Question

A beam of green light is diffracted by a slit with a width of 0.500 mm. The diffraction pattern forms on a wall 2.06 m beyond the slit. The distance between the positions of zero intensity on both sides of the central bright fringe is 3.10 mm. Calculate the wavelength of the laser light. (answer in nano meters)

Answer 1

first you need to convert unit into metres and then continue with calculation

Answer 2

Answer: 376.2 nm

Step-by-step explanation:

The equation for single slit diffraction is
`wsin(\theta)=m\lambda` (w is width of slit,
`\theta` is the angle of the fringe of concern to the slit, m is a number based on the type of fringe it is, and
`\lambda` is the wavelength of the light)

The distance between the slit and the wall is given, and the distance between the fringes of destructive interference that are next to the central bright spot is also given.

Thus, trigonometry can be used to find the angle of one of the fringes of destructive interference of concern to the slit.

The distance between the central bright fringe and a fringe of destructive interference next to the central bright fringe is
`(3.10*10^(-3))/(2)=1.55*10^(-3)` meters.

Thus,
`tan(\theta)=(1.55*10^(-3))/(2.06)`, which then means that
`\theta=tan^(-1)((1.55*10^(-3))/(2.06))=0.0431` degrees.

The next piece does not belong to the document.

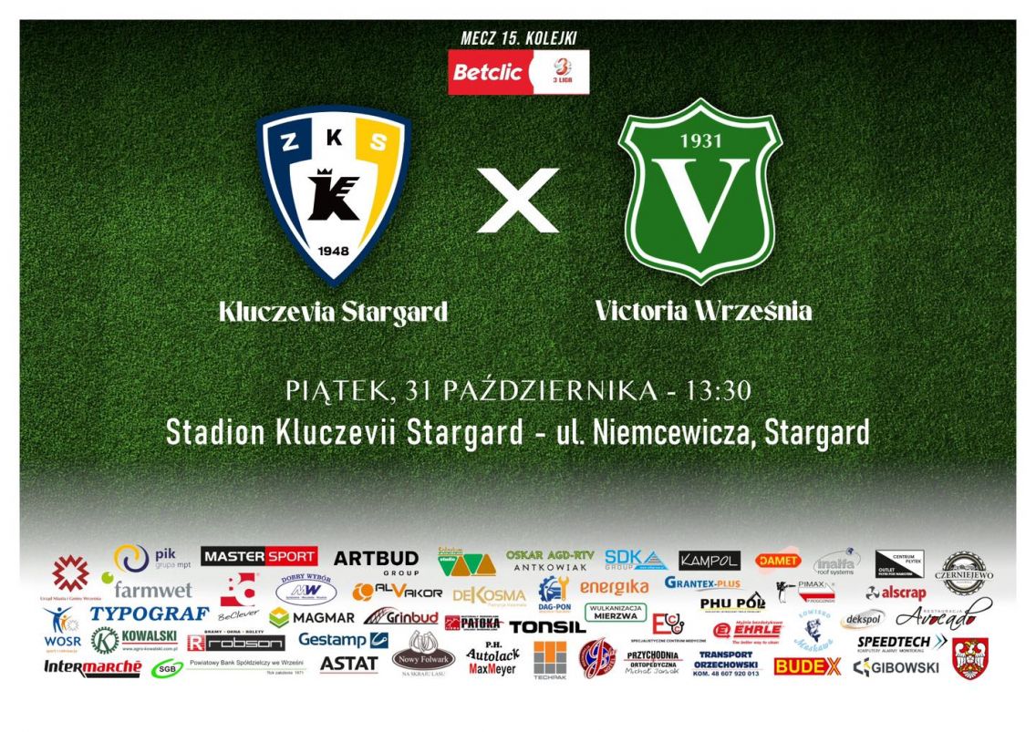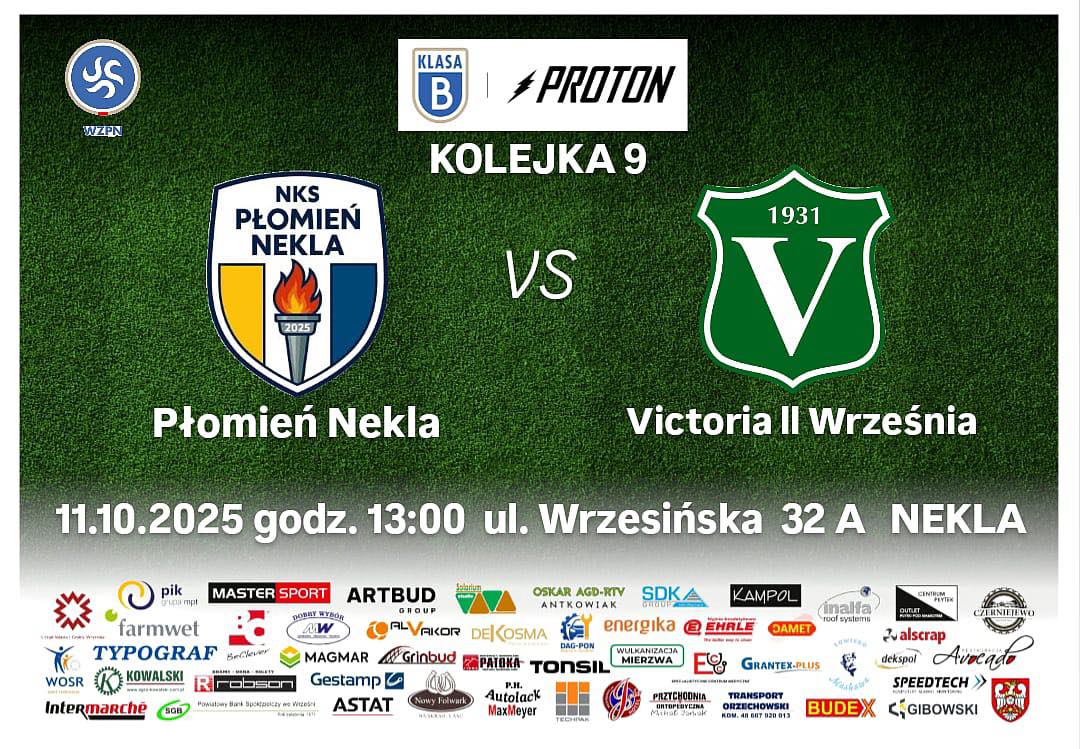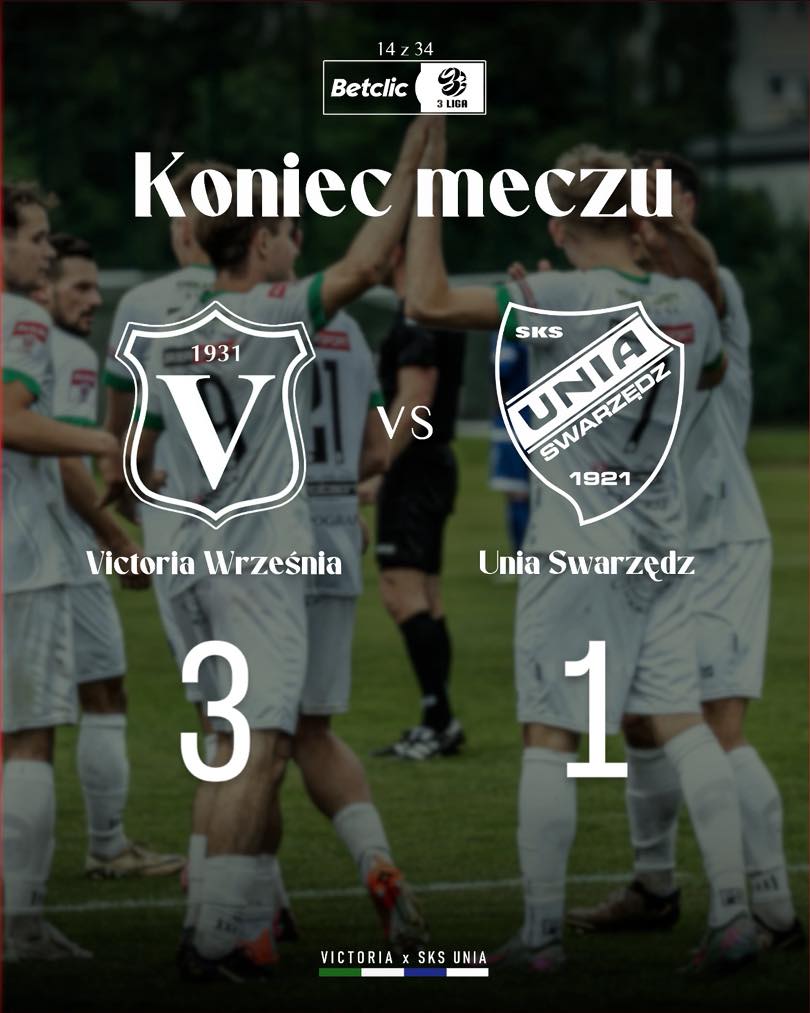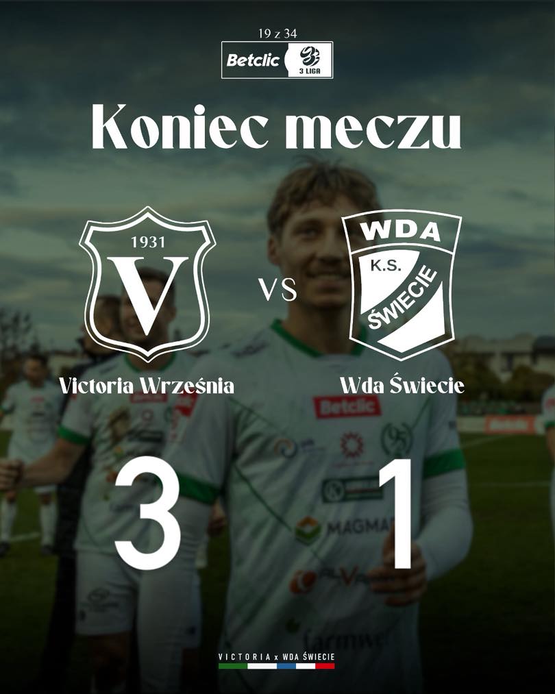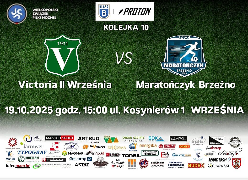 Betclic 3 liga Victoria Września - Unia Swarzędz 25.10.2025 15.00 Września Proton B klasa Sokół Damasławek - Victoria II Września 26.10.2025 14.00 Damasławek 1 Liga Okręgowa Junior B1 Victoria Września - Polonia Golina ...

We know the width of the slit.

Since the fringe of destructive interference is next to the central bright fringe, the value of m is 1. m = 1,2,3,... for destructive interference fringes and m=1/2,3/2,5/2,... for constructive interference fringes. m increases by 1 for every successive constructive or destructive fringe that gets further from the central bright fringe.

Plugging into the equation gives
`5*10^(-4)*sin(0.0431)=1*\lambda`.

Rearranging the equation gives
`\lambda=5*10^(-4)*sin(0.0431)=3.762*10^(-7)` meters.

Converting to nanometers gives
`\lambda=3.762*10^(-7)*10^9=376.2` nanometers.